Introduction.
Accounting sometimes can be compared to law – there are some basic rules every Accountant has to follow so that their work is interpreted correctly. On of the most important of them, is so called ‘Matching Principle’ – which is the base for the Accrual Accounting. Today we will talk about what it exactly means and we will describe two main approaches in Accounting.
Cash-flow Accounting vs. Accruals Accounting.
Basically, mentioned above are the two main approaches that can be undertaken in Accounting. Cash-flow Accounting is very simple – transactions are recorded when cash is paid or received. However, one of the key financial statements – the Income Statement (about which an article will be published soon), is prepared on the basis of Accruals Accounting. Accruals accounting reports revenues or expenses in the period to which they relate to, no matter whether cash has been received/paid or not.
How do Accruals Accounting and Cash-Flow Accounting work?

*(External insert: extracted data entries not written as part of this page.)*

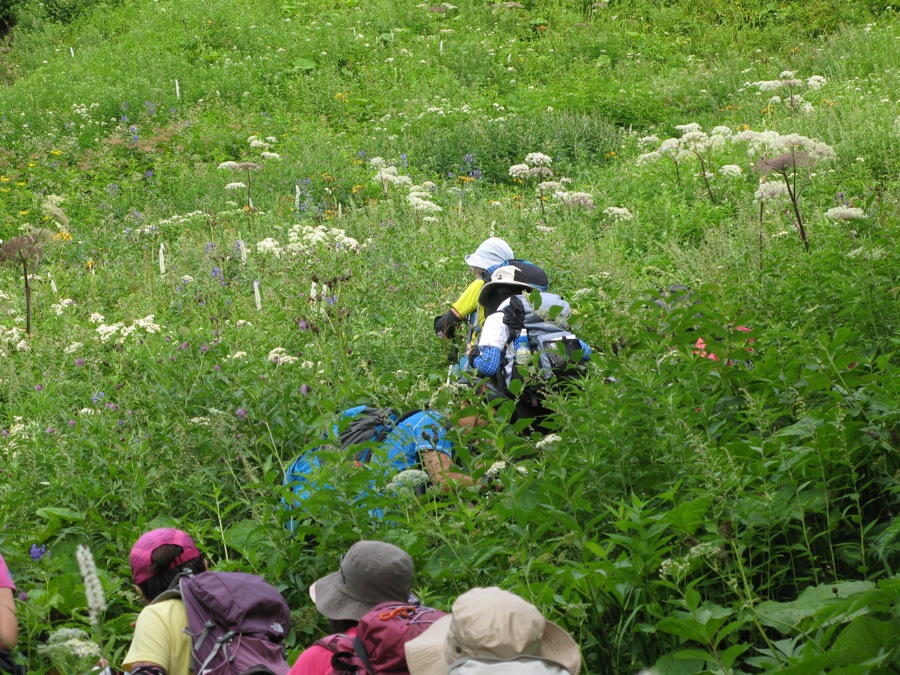 トリカブトが占拠する一郭がありました。はっきりとはわかりませんが、ミヤマトリカブトとしておくのが無難かと思われます。どこにでもあるという感じの上に、シカにの食害を逃れているので、山ではおなじみです。でも上の方からこんなふうに挨拶されると、ちょっとうれしい。
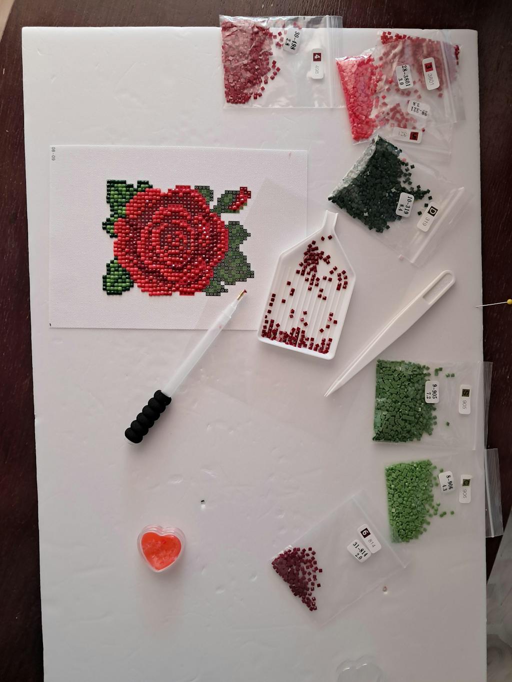 Choose a gem color and pour the gems into the white tray |
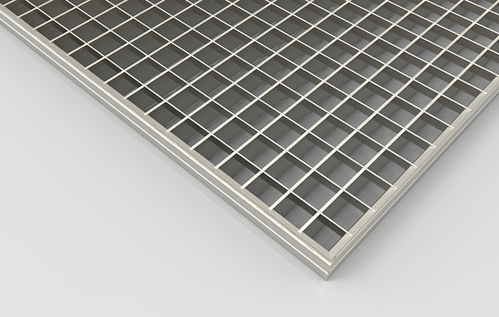 Pressed gratings are sturdy grids of bearing bars and crossbars made from steel strip. The sizes are extremely precise thanks to our sophisticated, computerised production process that also ensures the accurate coiling, straightening, punching and cutting of strip steel. The crossbars are automatically pressed into the bearing bars and enclosed by an edge, guaranteeing a rigid panel. As standard the V-edge is used, but it is also possible to choose a flat edge or T-profile edge.
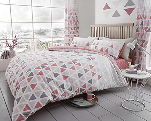 Printed Duvet Cover Sets, Reversible Bedding Bed Set, Polycotton Quilt Covers, Mila Pink, Double
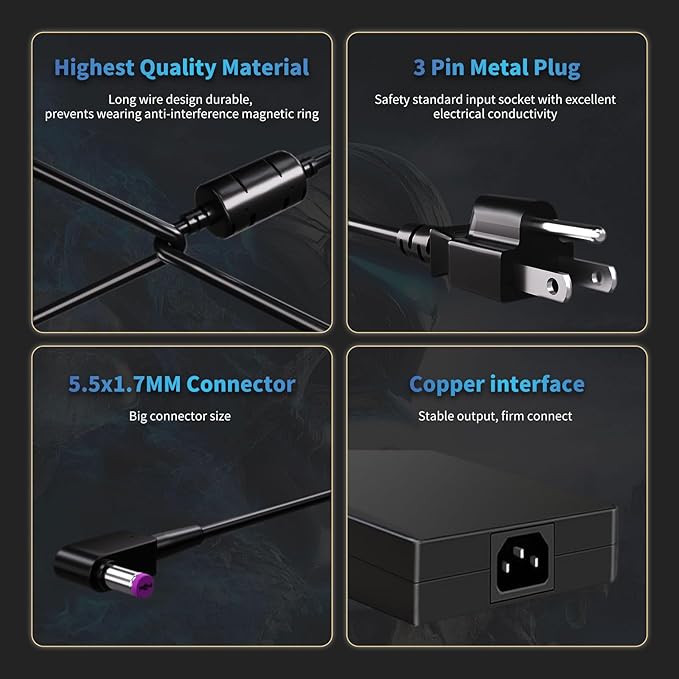 - 330W for Acer Laptop Charger Replacement: Compatible with Acer Nitro 17 16 15 series, Nitro 17 AN17-41-R7G3, AN17-41-R7GT, AN17-41-R5Y, Nitro 16 AN16-41-R7FA, AN16-41-R5KC, AN16-41-R1WE, AN16-41-R9ZH, AN16-41-R4CY, AN16-41-R62L Laptop
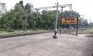The Jakpur railway station in the Indian state of West Bengal, serves Jakpur, India in Paschim Medinipur district. It is on the Howrah–Kharagpur line. It is 107 km (66 mi) from Howrah Station.[5]
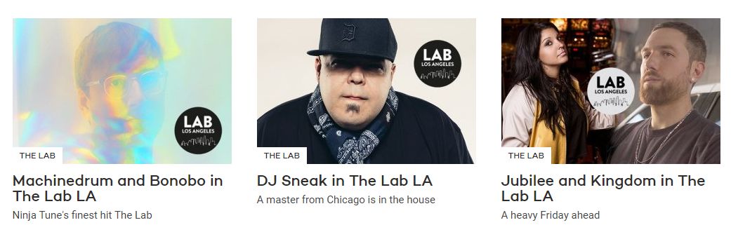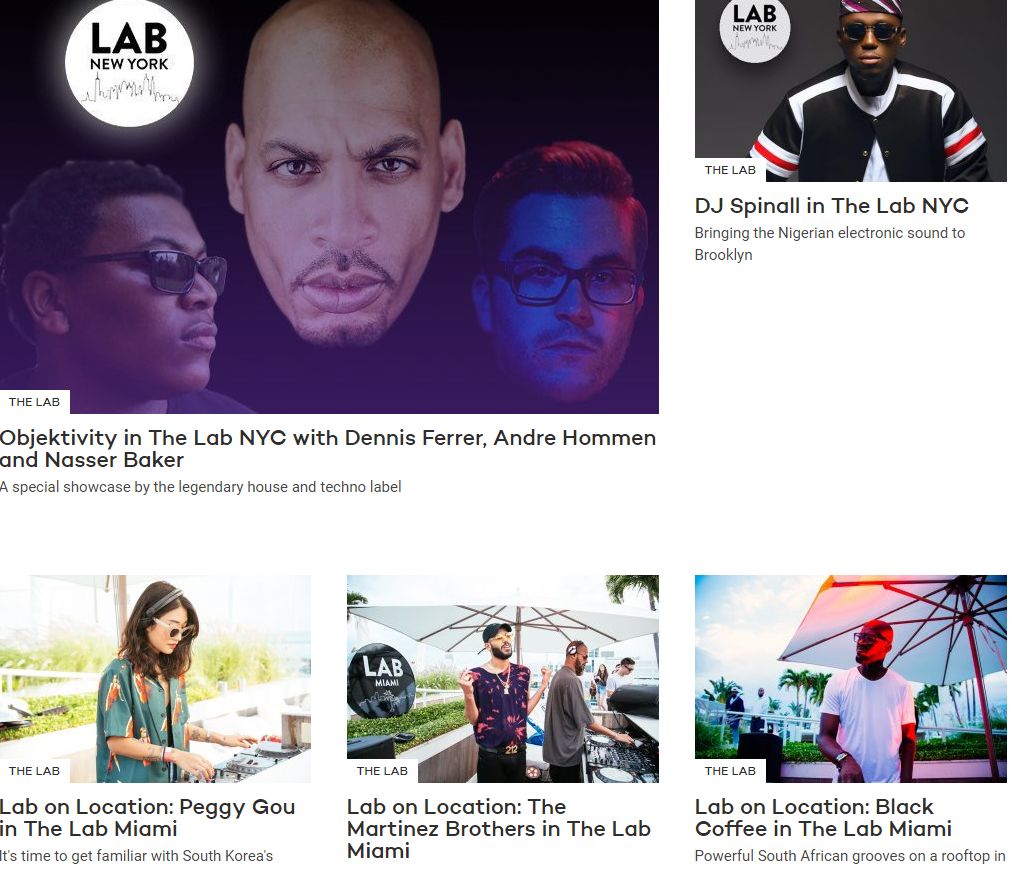 ④Mixmag The Lab:全球三大电子音乐媒体之一Mixmag旗下的直播品牌,在伦敦、底特律、纽约、迈阿密、悉尼、洛杉矶等地球派对圣地建立拍摄点,向世界带来不同的、常被列入地下但在欧洲十分主流的跳舞音乐声音。多数时候直接称作The Lab,可忽略前后缀。
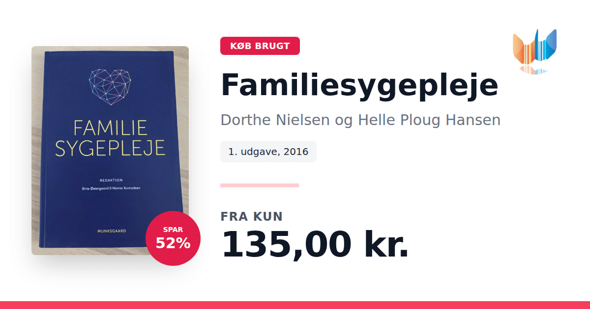 Lige nu kan du købe "Familiesygepleje" af Dorthe Nielsen og Helle Ploug Hansen til kun 135,00 kr. Du sparer hele 52% af nyprisen! Bogen du ser her er brugt, og i god stand. Vi har i øjeblikket kun et enkelt eksemplar til salg af "Familiesygepleje", så slå til mens du kan!
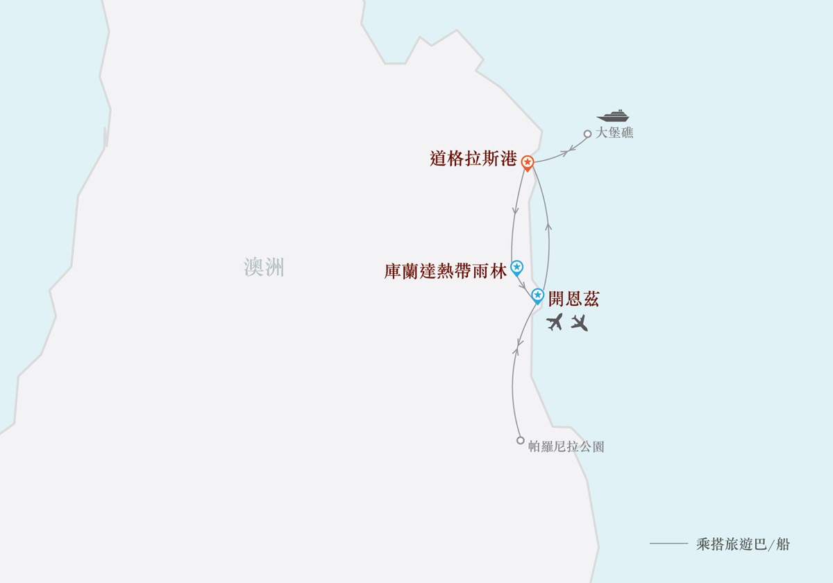 搭乘銀梭號(Quicksilver)是澳洲昆士蘭州大堡礁之最,擁有大堡礁區域三大特點:最大、最快、最豪華的高級遊船,世界級明星、各國大使、總統等重要人物都會指定乘坐的大堡礁第一遊船,可說是大堡礁的精品名牌。 道格拉斯港參觀屢獲殊榮的野生動植物棲息地,從親手餵養代表澳洲的袋鼠,到一睹傳奇的南部鴕鳥風采,締造獨一無二的難忘體驗。
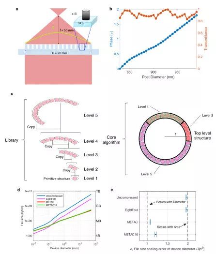 She 说:“因为纳米结构如此小,每个透镜中的信息密度极高。如果你将100微米的透镜变成厘米级的透镜,那么描述透镜所需的信息将增加1万倍。每当我们尝试去扩大透镜尺寸时,设计文件的大小将膨胀至吉字节级甚至太字节级。”
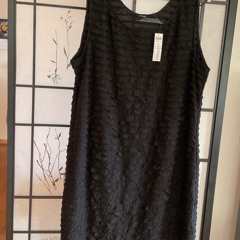 Helt ny kjole i svart med blondekant i utringning. Lappen fortsatt på!
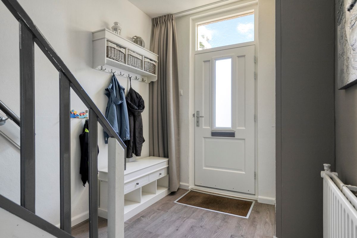 Prettige binnenkomst van de woning in deze ruim opgezette hal. De jassen kunnen makkelijk worden opgehangen zonder dat je er dwars doorheen loopt. De handige vaste kast zorgt voor berging van de stofzuiger en de schoenen. De hal geeft toegang tot de woonkamer, het toilet, de meterkast en de trapopgang.
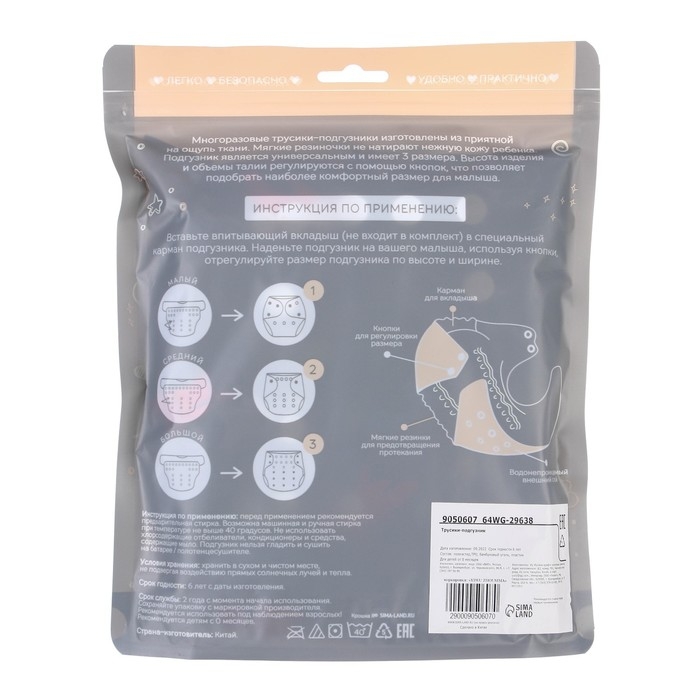 • Подгузник имеет удобный кармашек для вкладыша;
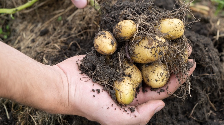 New potatoes are often confused with other kinds of small spuds, like fingerlings. However, new potatoes can actually be any variety of potato, they're just harvested early — usually within 60 to 90 days of planting (per The Press-Enterprise) or within a few days or weeks of the time that the plant starts to flower. Farmers dig up these early tubers to thin out the crop and make space for the remaining potatoes to grow into full size.
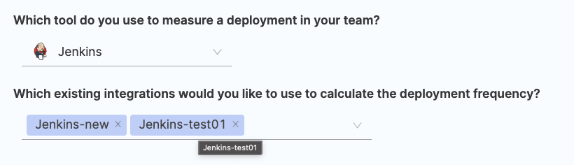 - Select the relevant Jenkins integrations that you wish to use for calculating change failure rate.
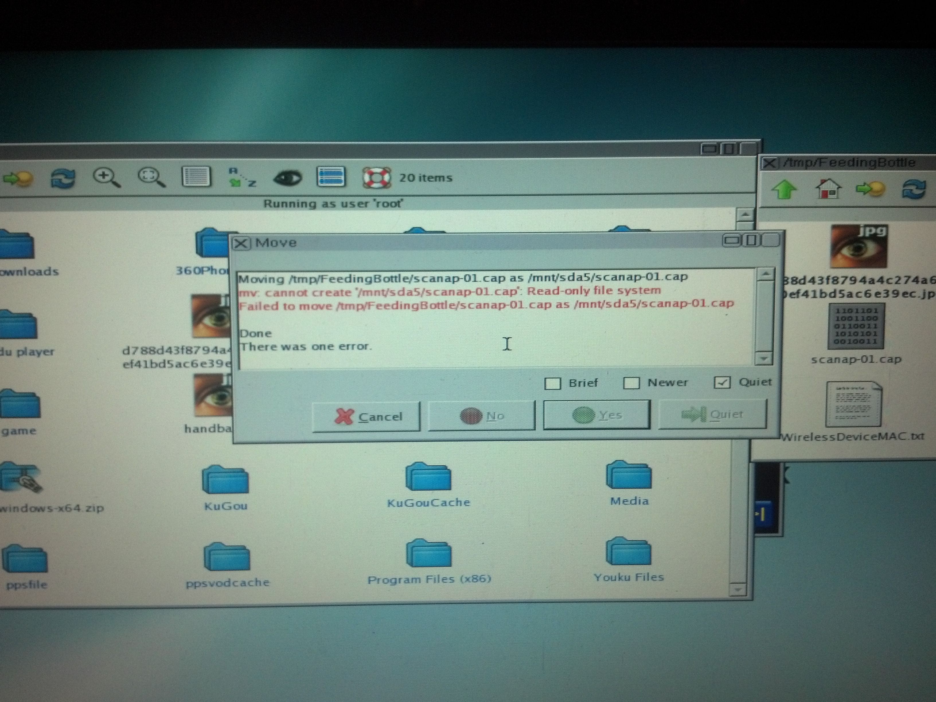 1、用beini奶瓶抓握手包后产生文件target_wpa_01.cap2、准备复制到mnt/sda5下但是就是不行3、网上搜了不少都说是直接拖,但是就是不行。4、本来还想替换密码本,也不知道怎么弄。见图
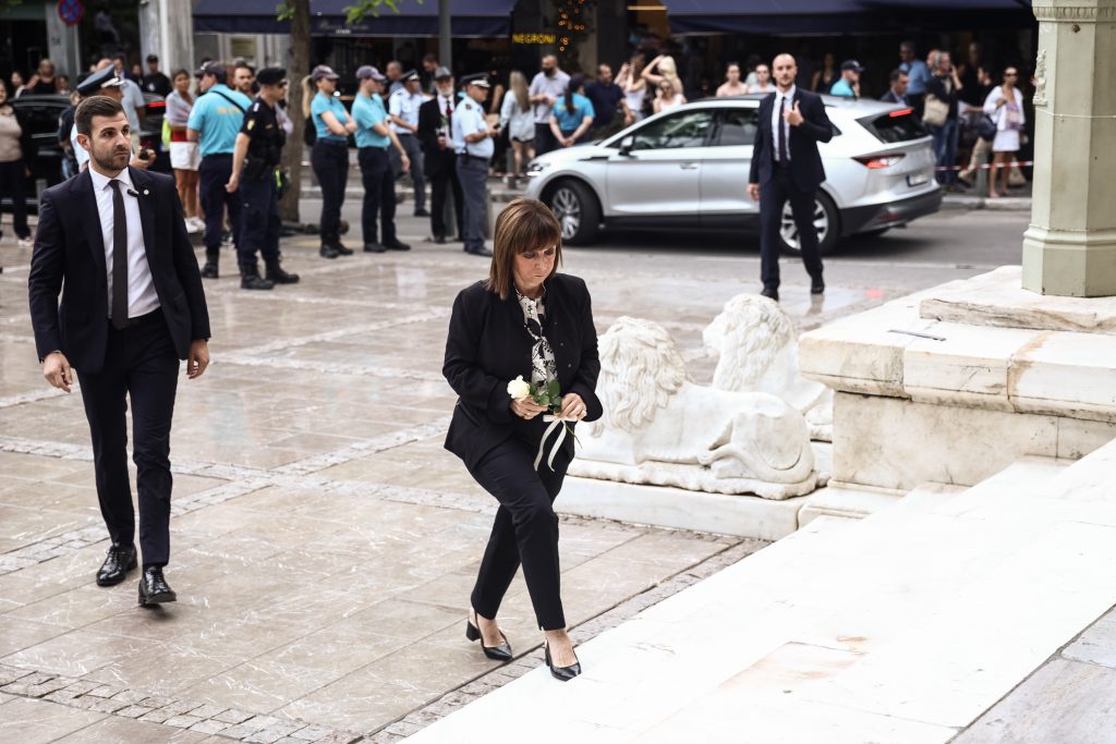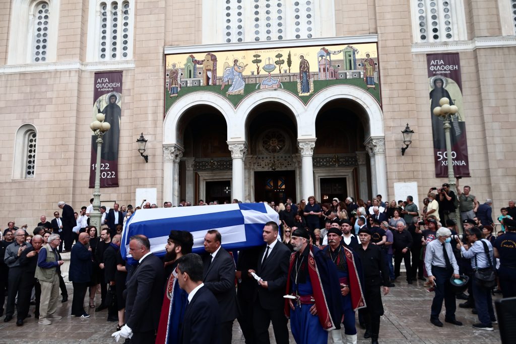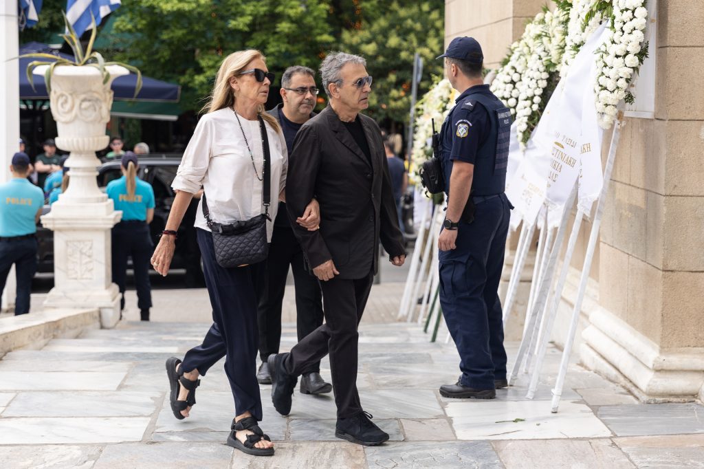 Πλήθος κόσμου από τον χώρο της πολιτικής και του πολιτισμού βρέθηκε στην Μητρόπολη Αθηνών για να πει το τελευταίο αντίο στον σπουδαίο καλλιτέχνη. Ειδικότερα, στο ναό βρέθηκαν η Πρόεδρος της Δημοκρατίας Κατερίνα Σακελλαροπούλου, ο Πρόεδρος της ΝΔ Κυριάκος Μητσοτάκης, ο γ.γ. του ΚΚΕ Δημήτρης Κουτσούμπας και ο Πρόεδρος του ΠΑΣΟΚ, Νίκος Ανδρουλάκη, ο οποίος εκφώνησε και επικήδειο.
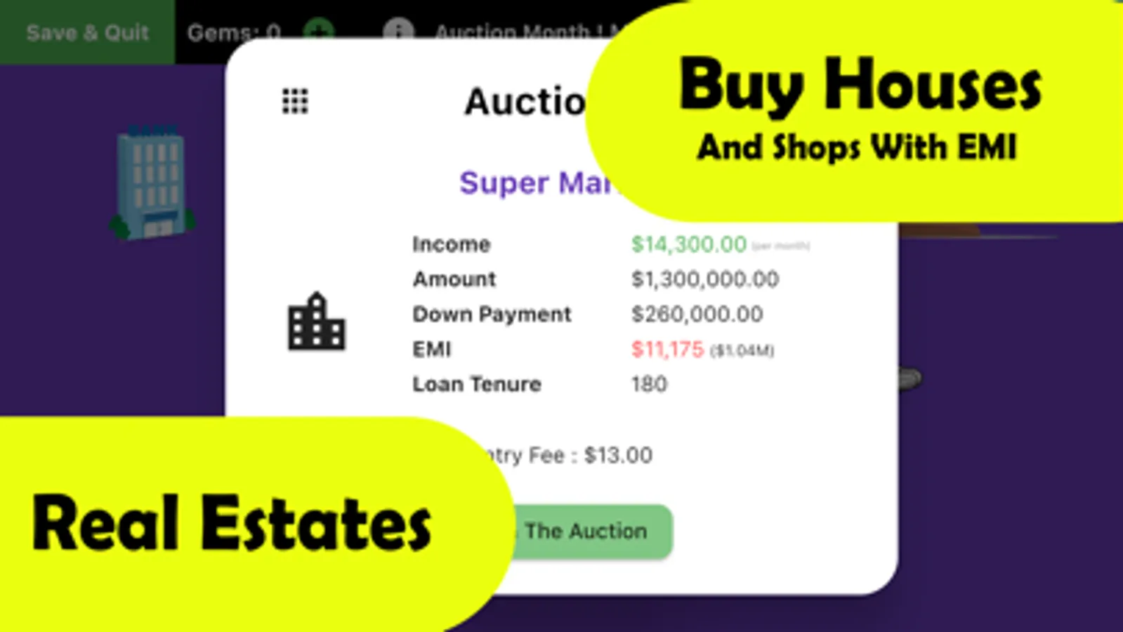 This is the greatest feature of Rat Race 2. Two or any number of players can host a multiplayer game and compete for the leader board. Each player can plot their own strategies to manage their cashflow. Players compete in an auction to buy real estate properties. The player who has the best strategy on finance and real estates wins the game.
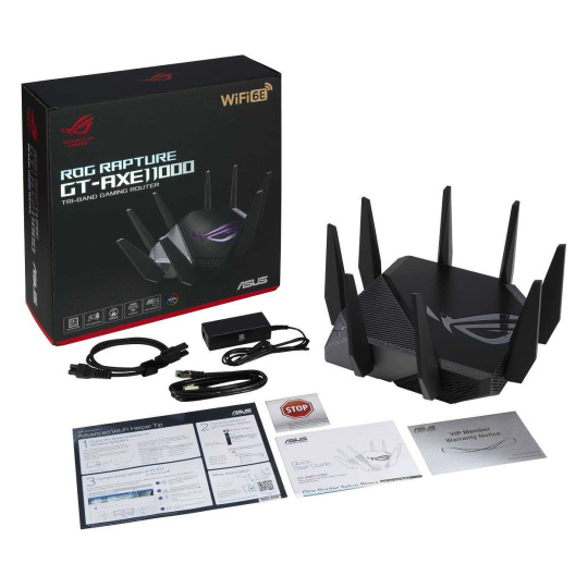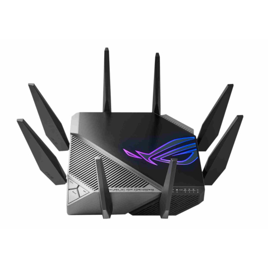 ROG Rapture GT-AXE11000 Třípásmový herní router GT-AXE11000 WiFi 6E (802.11ax), nové pásmo 6 GHz, 2.5G WAN/LAN port, kompatibilní s PS5, agregace WAN, VPN Fusion, tříúrovňová herní akcelerace, zabezpečení sítě zdarma a podpora AiMesh Standard WiFi nové generace – první třípásmový WiFi 6E router na světě zvyšuje rychlost až 11 000 Mb/s. Nové pásmo 6 GHz – Širší kanály a vyšší kapacita přinášejí vyšší výkon, nižší latenci a menší rušení. 2.5G WAN/LAN Port – Veškerý síťový provoz procházející přes 2.5G port má nejvyšší prioritu a 2.5G port tak dokáže plně využít potenciál WiFi 6. Výkon díky dokonalé technice – Čtyřjádrový procesor, pokročilý chladicí systém a optimalizovaný design antény přinášejí výpočetní schopnosti na zcela nové úrovni. Tříúrovňová herní akcelerace – Zrychlete přenos herních dat na každé zastávce, od vašeho zařízení až po herní server. RJ45 for Gigabits BaseT for WAN x 1, RJ45 for Gigabits BaseT for LAN x 4, RJ45 for 2.5G BaseT for WAN/LAN x 1 ROG Rapture Wifi 6 802.11ax Tri-band Gigabit Gaming Router Wifi 6 802.11ax 1148Mbps (2.4G) Wifi 6 802.11ax 4804Mbps (5GHz) Wifi 6E 802.11ax 4804Mbps (6GHz) OFDMA + MU-MIMO tech, 1024 QAM, Triple level Game Acceleration, Aura RGB lighting, ROG Boost Key, 2.5G Multi-Gigabit Gaming Port, WiFI Radar and Zero Wait DFS, AiProtection Pro, VPN Fusion Adaptive QoS, Bandwidth control, AiMesh, ASUS Roter APP (ROG theme).

Let’s analyse an example to see how these two approaches work in practice.
Example.
‘ABC Computers’ is a company, which manufactures professional computers for IT Specialists. On 17 December 2020, Mr Alex Goodwin ordered a computer worth £5,500 for his company. The computer has been delivered and accepted by Mr Goodwin on 19 December 2020, but the payment was due 20 January 2021. Mr Goodwin paid the full amount on 2nd January 2021. Company ‘ABC Computers’ has the Accounting Period of ONE year, and the 2020 period ended on 31 December 2020. The next period started on 1st January 2021. How will this transaction be recorded under Cash-flow and Accruals Accounting?
Cash-flow Accounting will record the transaction when the ABC Computers company receives the money from Mr Goodwin. Here, cash will be received on 2nd January 2021. Thus, this transaction will be recorded, under the Cash-flow Accounting, on the 2nd January 2021. Why? Because cash is received on that day.
The situation will be different when we record transactions under Accruals Accounting. Since Accrual Accounting records transactions when goods are accepted by customers or when services are provided to the customer no matter whether cash has been paid or received, we will treat the computer purchase from the example differently. Mr Goodwin received and accepted the computer on 19th December 2020. He has paid the money for the purchased computer on 2nd January 2021. However, under Accruals Accounting, ABC Accounting will record this transaction as revenue earned on 19th December, in the 2020 Accounting Year even though it is going to receive the money later. This is the rule of Accruals Accounting, which matches revenues earned and expenses incurred to the period where they actually occur, not to the period when cash is paid or received.
Overall, two most important financial statements – Balance Sheet and Income Statement are usually prepared under Accruals Accounting basis. International Accounting Standards also require companies to prepare Statement of Cash Flows to show how cash flows look like in a particular company. Statement of Cash Flows analyses what amounts of cash and when were received or paid by the company. This Statement uses Cash-flow Accounting and it to some extent assists Balance Sheet and Income Statement. They altogether can be used to analyse a company’s performance to a greater detail.
Summary.
There are two main approaches to recording transactions in Accounting – Accruals Accounting and Cash-flow Accounting.
Accruals Accounting records revenues earned and expenses incurred in periods in which they actually occur, no matter whether cash has been paid/received or not.
Cash-flow Accounting records transactions when cash has been paid/received (i.e. when cash flow occurs).
Both approaches are used in Accountancy to prepare various statements – when we combine them, using those statements, we can obtain a broader and detailed picture of a company.